* _Stored data_
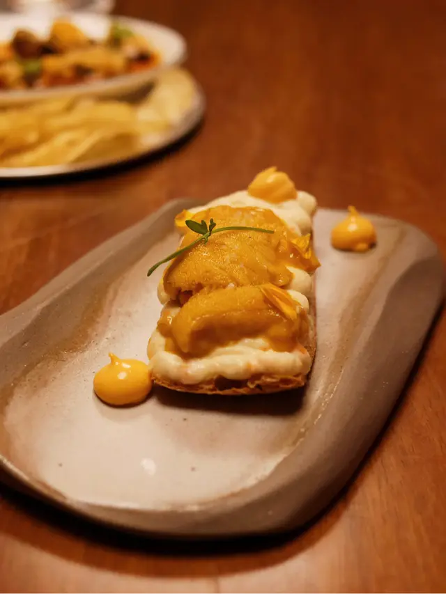 屬於朋友俾我既生日驚喜 兩個人係PMQ裡面捐窿捐罅左一段時間先搵到路一入門口已經見到西班牙Signature的圓拱門設計 同埋colorful既紅綠交替墻身 燈光色調溫和加上店內用餐大部份都係外籍客人 同店員溝通都當然係需要全英 所以感覺去左第二個國度咁 短暫逃離一下煩囂既城市 未坐底已經好有好感一開始我地對餐牌感到迷茫 女店員主動approach並講解Menu菜式朋友詢問佢好想嘗試既Percebes海螺藤壺 店員都詳細解釋捕獲呢種食材係十分危險 所以不常有供應最後我地按照店員推薦order左4個菜式Oyster Ajoblanco生蠔新鮮肥美 上面鋪滿酸甜調味的紅綠爆珠珠 十分開胃的前菜Rubia Tartare牛肉他他 看似普通但好有驚喜 麵包焗得啱啱好 外脆內軟Canary Grilled Octopus 餐廳ig page經常會出現既菜式 果然好出色 八爪魚肉質軟嫩唔太需要用牙力咬 帶點炭烤風味 三種醬汁調味完美 可以不斷交替點唔同醬食 好好食!必叫PaellaPaella似乎每日的配搭都會唔一樣 當日我地大概8:00到達 其實好多選擇已經soldout最後我地揀左三黃雞同蝦 米飯口感很接近意大利燴飯 其餘方面都不過不失 冇特別記憶點但都冇乜好挑剔最後店員捧出朋友預先準備俾我既生日蛋糕同埋佢地送既甜品布丁 布丁好凍冰冰 對比啱啱食完熱辣辣Paella 食到好開心好sweet
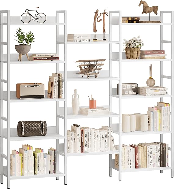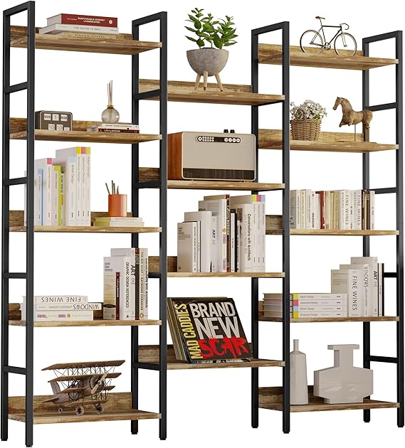 This industrial-style bookshelf features 14 spacious shelves designed to maximize vertical storage while keeping your essentials organized. The triple-wide design offers ample display and storage space for books, decor, and everyday items across your living room, bedroom, study, or office.
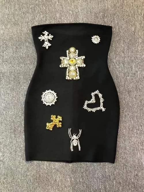 Product Name: sweet Summer Spice for Bandage Dress Set Sexy Backless Tube Mini Diamond Skirt Embroidered Casual Sundress for Club Occasions
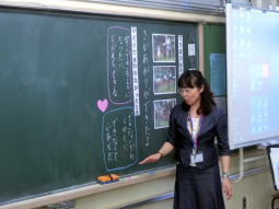 子供たちは紙芝居を見ながら、教材文を理解し、学習に取り組みました。どの発問に対しても、子供たちは意欲的に手を挙げて、自分の考えを伝えようとしていました。また、ワークシートにも自分の意見をたくさん書いて考えを深める姿が見られました。
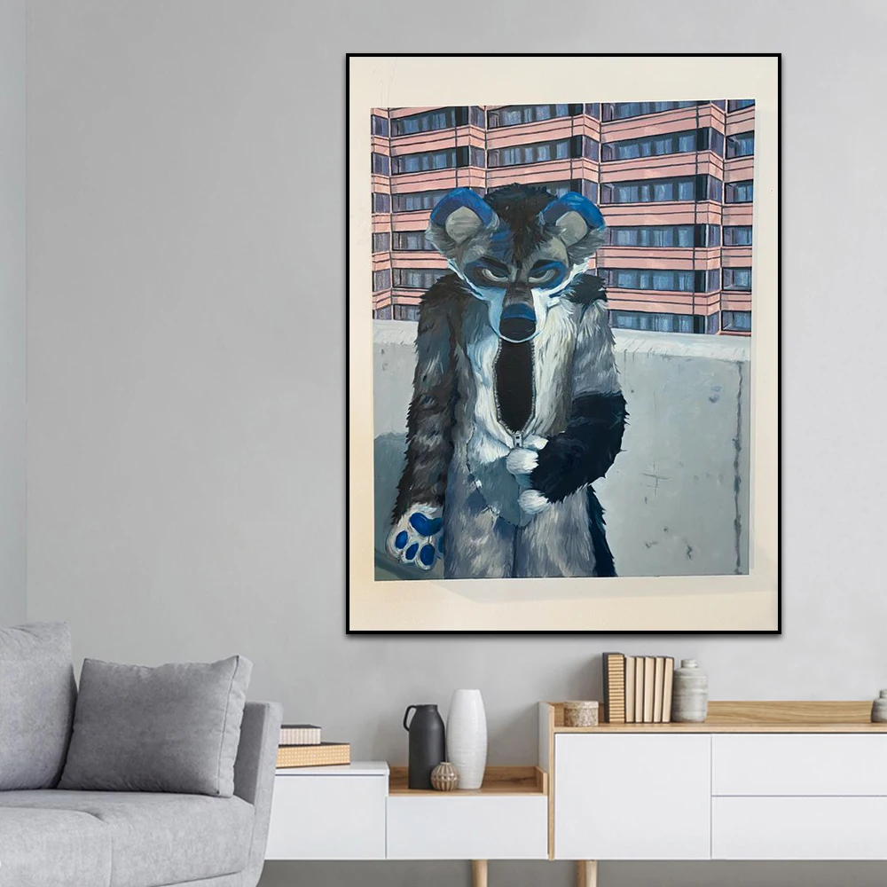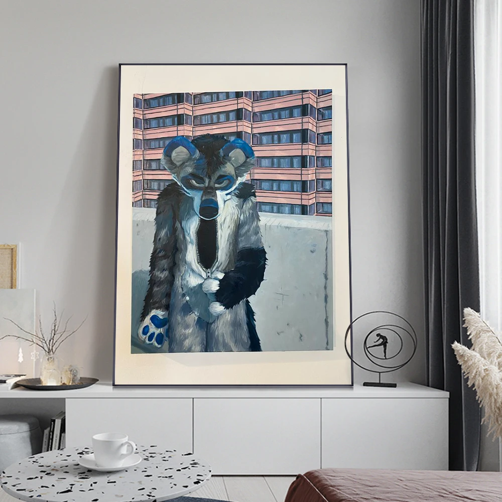 Абстрактный постер на холсте, пушистое пальто с животными и тонкими людьми, винтажная художественная картина в стиле ретро для спальни, без рамки, домашний декор для комнаты
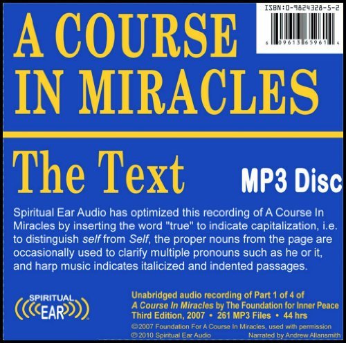 A Course In Miracles is likely the most powerful, clear, and thorough approach to enlightenment available for the western mind. This wonderful recording of this material is optimized for listening and comprehension. This recording is of The Text, Part 1 of 4 of A Course In Miracles 3rd Edition by the Foundation for Inner Peace and comprises 261 MP3 files with a 44 hour run time. These files are on a single DVD that will load on either a Mac or PC to your MP3 player, play directly on your computer, or play in your DVD player through your TV (be patient, loading takes time on your DVD player.) Listener Spiritual Ear carefully optimized this recording for listening by inserting the word TRUE to indicate capitalization, i.e. to distinguish self from Self; the proper nouns from the page are occasionally used to clarify pronouns such as he or it, and harp music indicates italicized and indented passages. This 2010 recording by Spiritual Ear Audio is read by Andrew Allansmith, a professional narrator and long-time student and teacher of A Course In Miracles. Andrew carefully reads this powerful work with engaging energy, well-placed emphasis, and much-welcomed pauses around the more powerful phrases. The reading style is gentle but lively and confident.
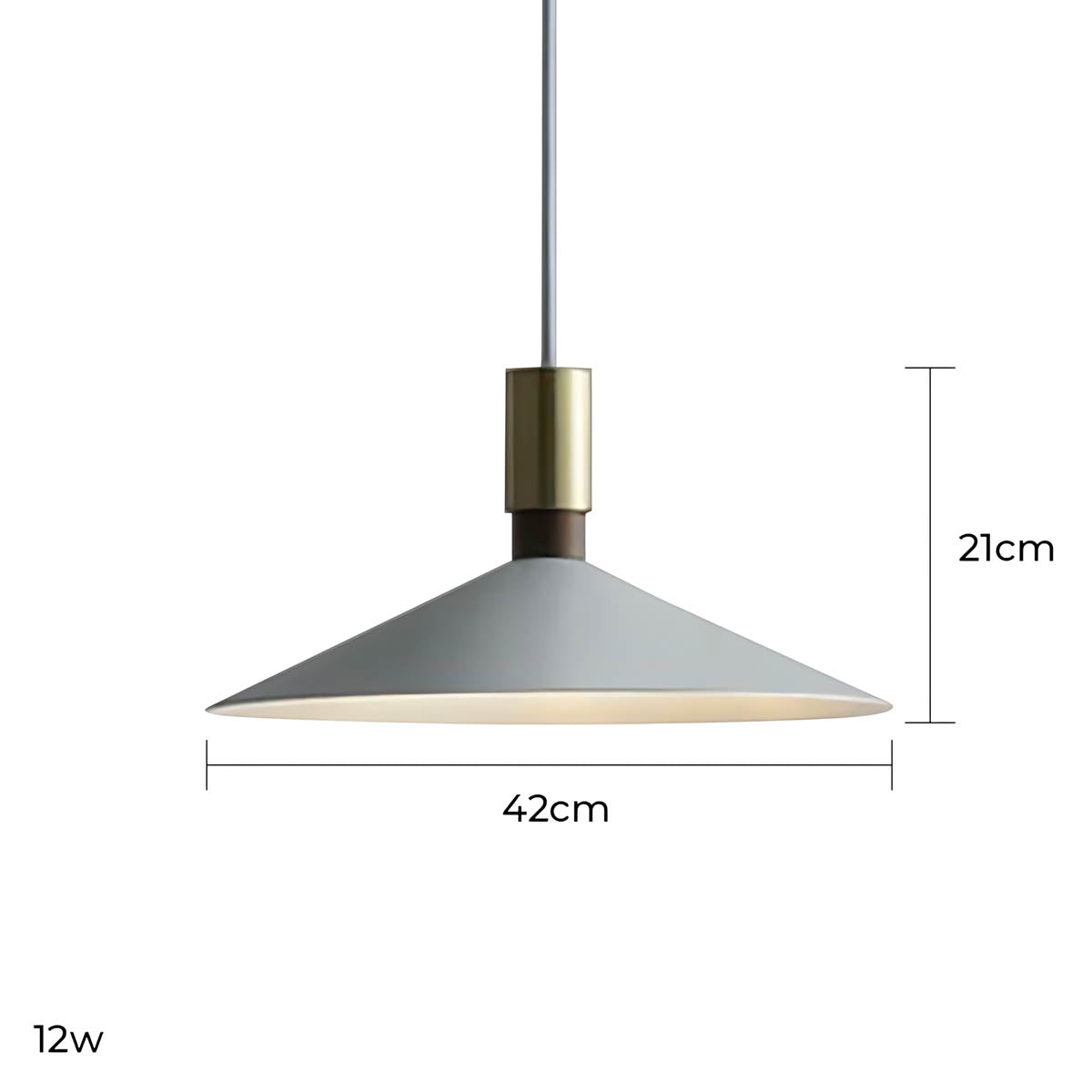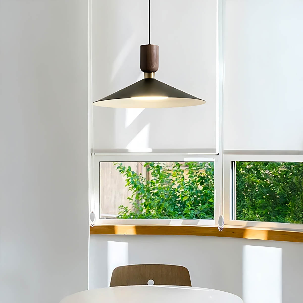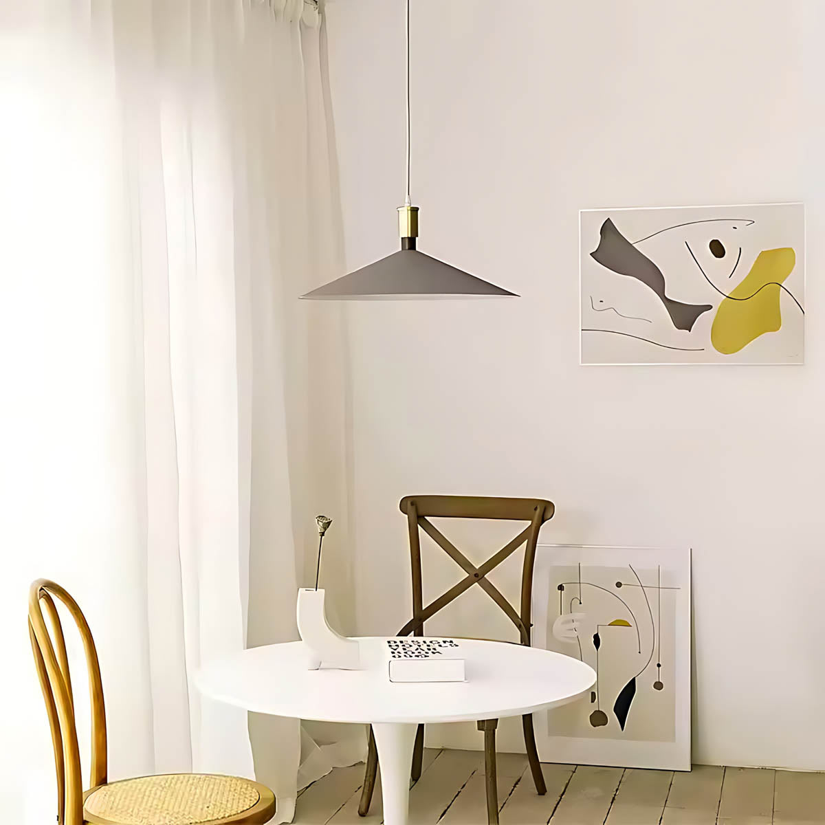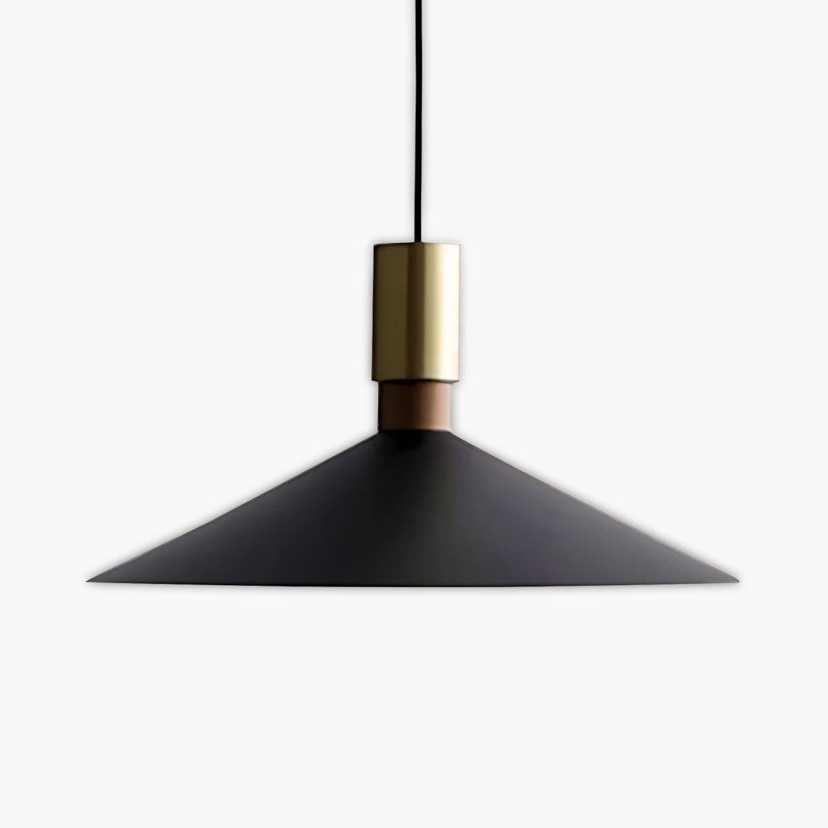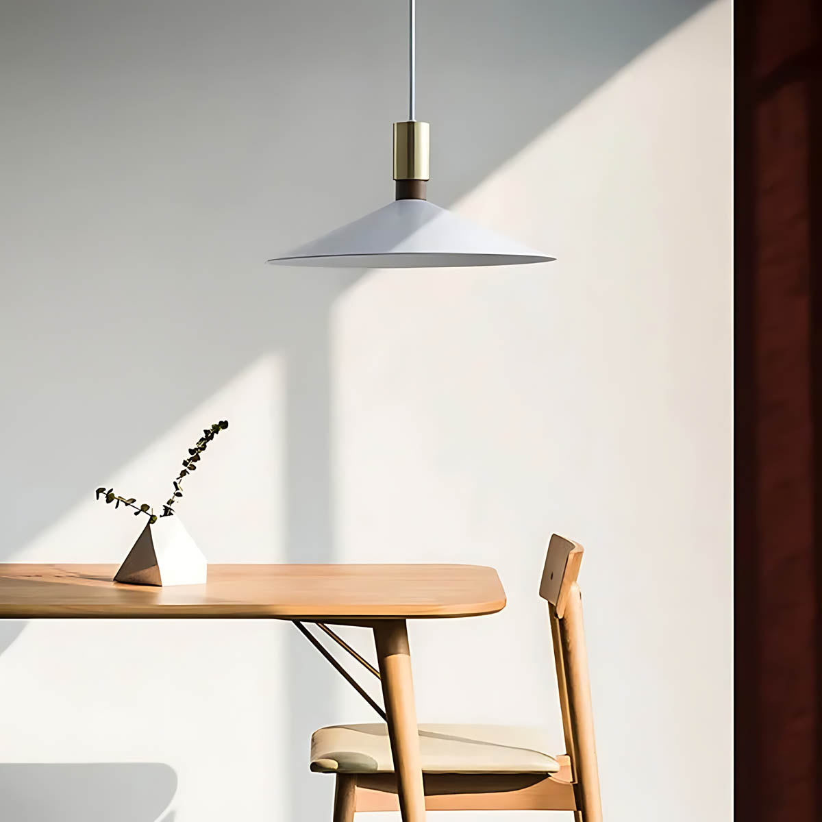Its wide, shallow conical shade focuses a broad, even pool of light over dining tables, kitchen islands, and breakfast nooks, while the brass-tone cylinder and contrasting collar add a refined architectural accent.
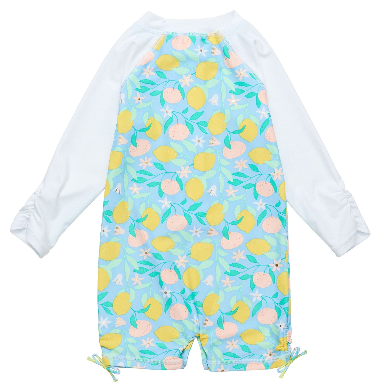Let your little darling shine as bright as the sun while also being protected from its harmful rays in our UPF50+ certified Lemon Drop long-sleeved sunsuit. With ruching on the bright white sleeves, an easy-to-use zipper, and pull ties at the hems, it will keep her comfy and cheerful all day long.

* _What the task asks_
Exactly as they appear, repeat the lines from the one containing "Its wide, shallow" through the last line of the entries, counting both ends. Pictures stay out.

* _Solution to the problem_
Its wide, shallow conical shade focuses a broad, even pool of light over dining tables, kitchen islands, and breakfast nooks, while the brass-tone cylinder and contrasting collar add a refined architectural accent.
Let your little darling shine as bright as the sun while also being protected from its harmful rays in our UPF50+ certified Lemon Drop long-sleeved sunsuit. With ruching on the bright white sleeves, an easy-to-use zipper, and pull ties at the hems, it will keep her comfy and cheerful all day long.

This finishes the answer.